Cystic Fibrosis is an autosomal recessive genetic disorder which impairs the lungs, pancreas, liver and intestine. The disease leads to congestion of lungs due to thick viscous secretion, which takes place as a result of abnormal transport of chloride and sodium across the epithelium. Symptoms of cystic fibrosis often appear in early childhood or during infancy, such as bowel obstruction due to meconium ileus in newborn babies. Exercise is essential for growing children suffering with cystic fibrosis, to release mucus from the alveoli.

The major signs and symptoms of cystic fibrosis include:

• •  Difficulty in breathing (due to tracheal and lung congestion).

•  Accumulation of thick, sticky mucus.

•  Frequent lung infections (treated with antibiotics and other medications).

•  Sinus infections.

•  Despite a normal food intake the growth and weight gain is poor.

•  Infertility (males can be infertile due to congenital absence of the vas deferens).

•  Salty tasting skin.

•  Coughing or shortness of breath.

29.2 Cystic fibrosis transmembrane conductance regulator gene:

• •  Cystic fibrosis is caused by the mutation in the cystic fibrosis transmembrane conductance regulator (CFTR) gene found at the q31.2 locus of chromosome 7.

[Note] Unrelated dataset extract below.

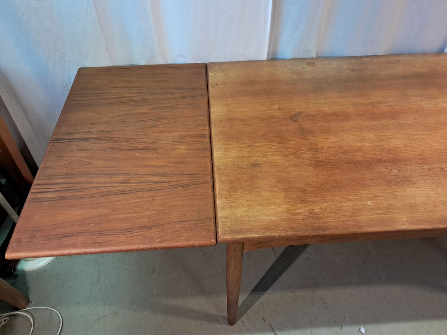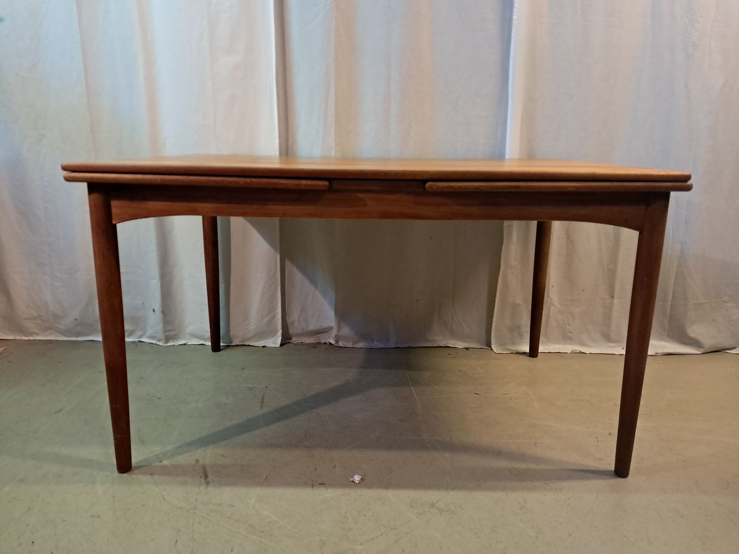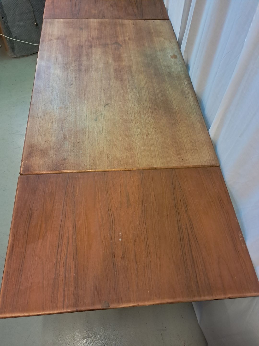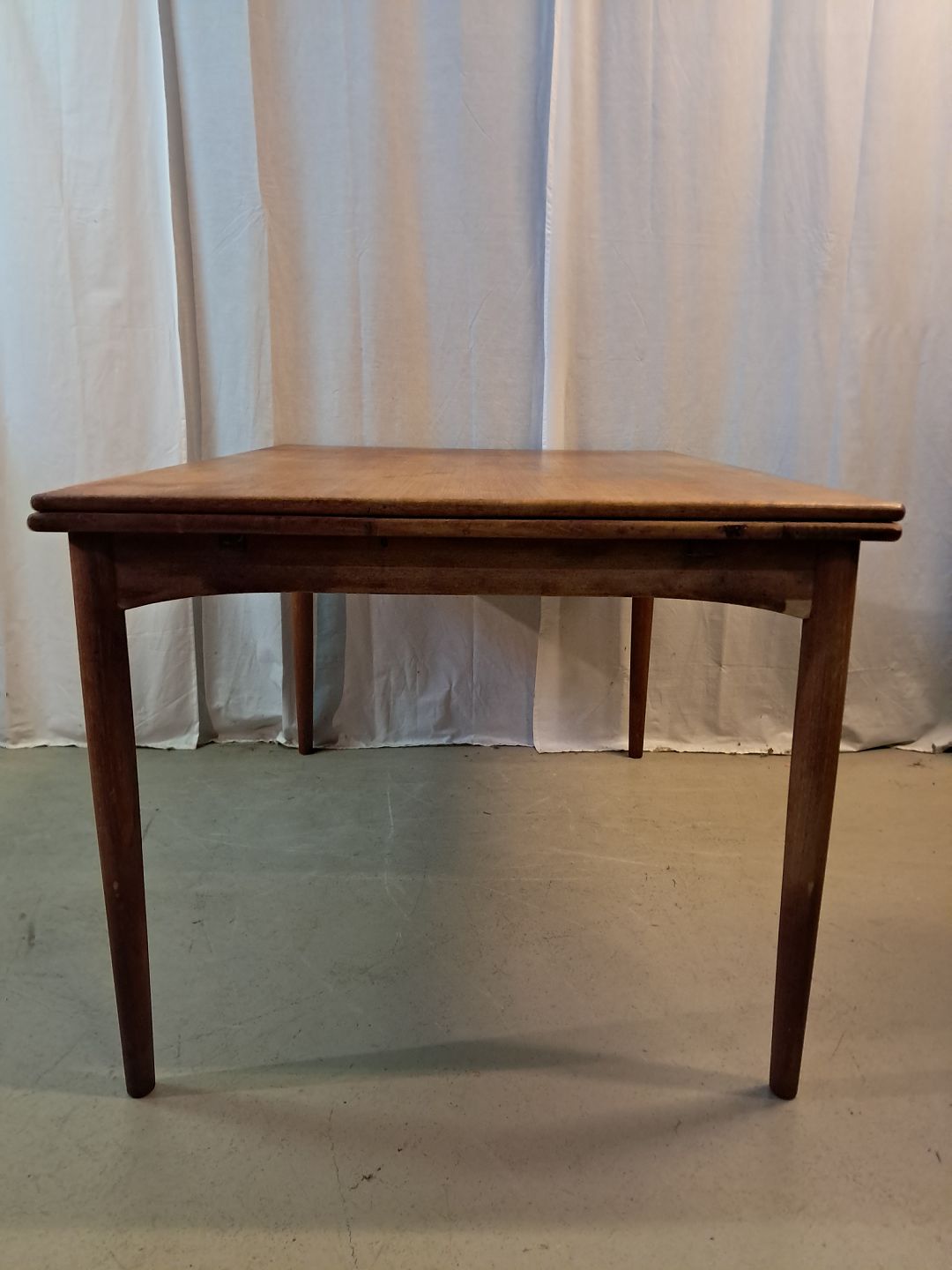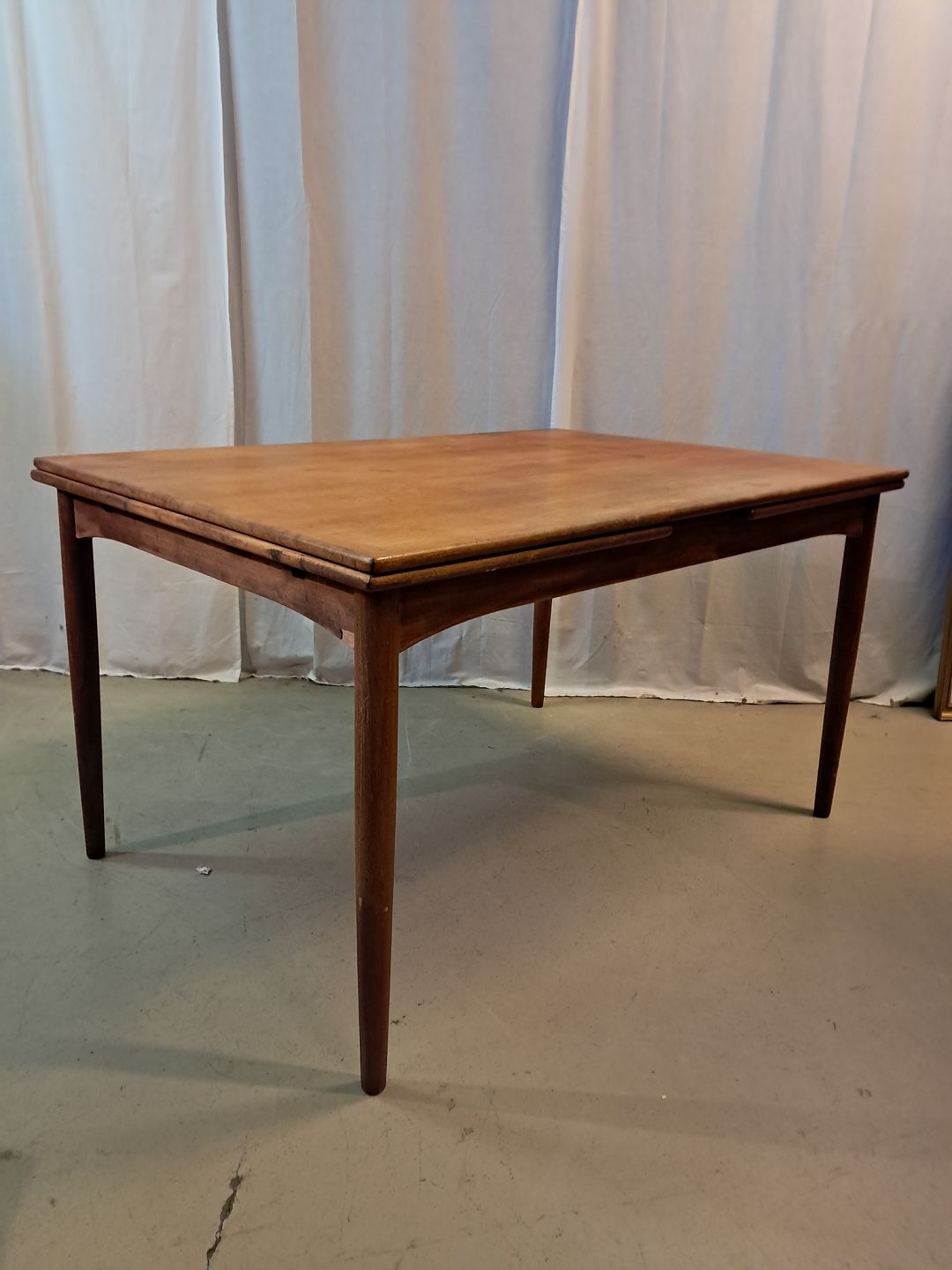 Spisebord i fineret teaktræ med hollandsk udtræk, fra 1960erne.

•  CFTR gene is relatively large around 230,000 base pairs long and produces a 1,480 amino acid long protein. CFTR protein is a membrane bound glycoprotein with a molecular mass of 170 kDa.

•  Different mutations in the CFTR gene is the major cause of cystic fibrosis, one such mutation is due to the deletion of three nucleotides which corresponds to the amino acid phenylalanine (F) located at the 508 th position on the protein. This mutation is denoted by ΔF508 (Δ signifies deletion, F is phenylalanine, 508 is the position of amino acid) and accounts for 66-70% cystic fibrosis cases worldwide.

•  Normal people have one or two working copies (alleles) of the CFTR gene, only one is needed to prevent cystic fibrosis. Cystic fibrosis develops in individuals who cannot produce a functional CFTR protein. CFTR gene is structurally similar to ATP-binding cassette transporters (ABC) gene and the product of CFTR gene is a CFTR protein.